The RefinedWeb Dataset for Falcon LLM: Outperforming Curated Corpora with Web Data, and Web Data Only

Authors: The Falcon LLM Team (see paper for full list of authors)

Word Count: Approximately 9,000 words

Estimated Read Time: Around 30-45 minutes

Source Code: The codebase used to develop the Falcon-LLM models and the RefinedWeb dataset is not publicly available.

Relevant Links:

• RefinedWeb dataset (600 billion token extract): https://huggingface.co/datasets/tiiuae/falcon-refinedweb • Falcon-LLM website: falconllm.tii.ae

Summary:

The paper proposes RefinedWeb, a large-scale dataset derived from CommonCrawl web data. Through extensive filtering and deduplication of the web data, the authors argue that RefinedWeb can be used to train language models that match or outperform models trained on curated corpora. They publicly release a 600 billion token extract of RefinedWeb, as well as language models trained on the dataset.

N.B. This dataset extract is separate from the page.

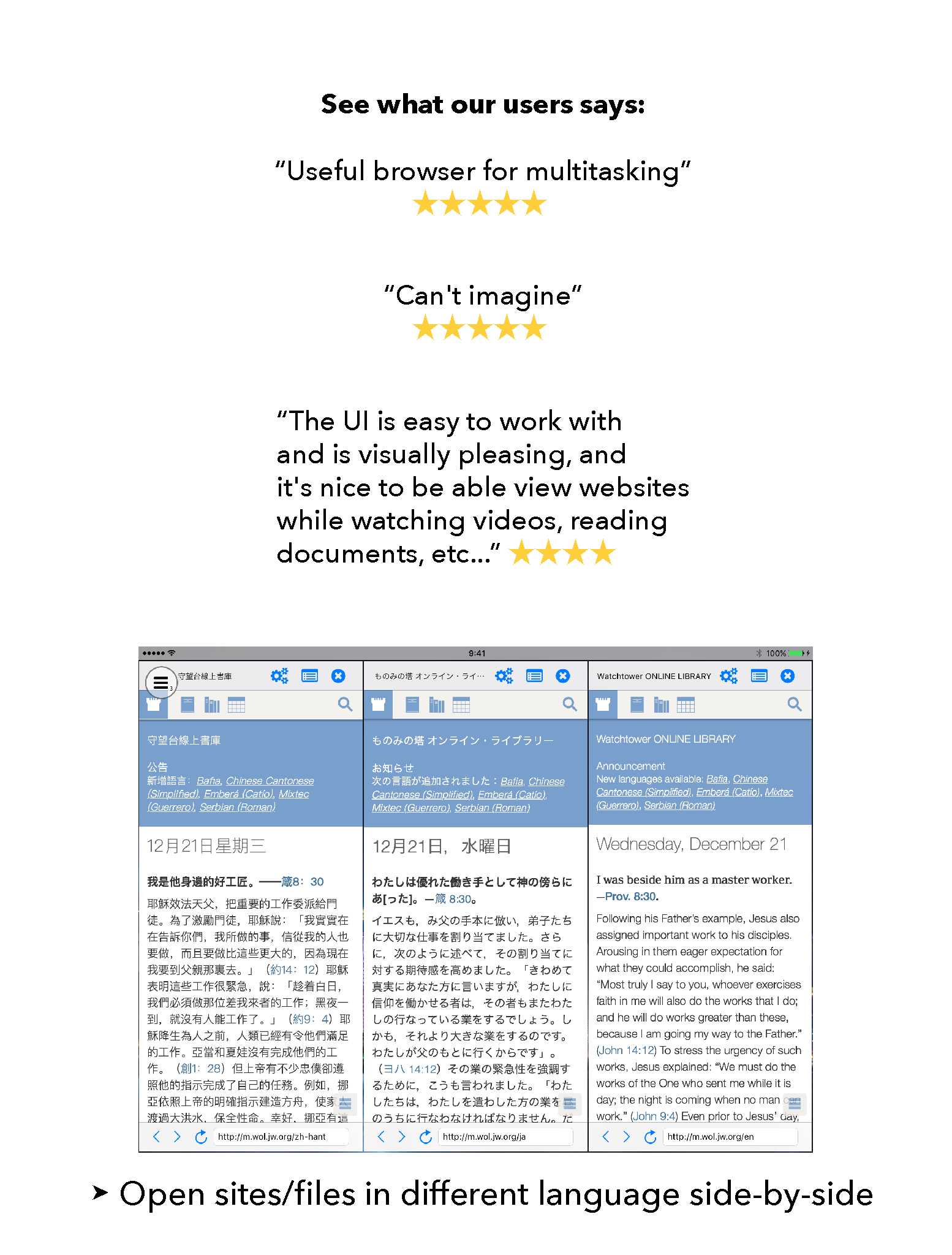 TileBrowser is created to solve our need of a multi-window browser which can view multiple websites, document or media files at the same time. Hope you enjoy using it like we enjoy creating it!

The authors find that properly filtered and deduplicated web data alone can lead to language models with powerful zero-shot capabilities, even outperforming publicly available models trained on curated data like The Pile. They achieve this by rigorously removing duplicate and low-quality web content from CommonCrawl.

The RefinedWeb dataset and the Falcon-LLM models trained on it could be useful resources for developing large language models or GAN-based systems. The dataset size of 5 trillion tokens would allow for scaling these systems to a large size. However, the lack of publicly available code makes reproducing and building upon the presented results more difficult.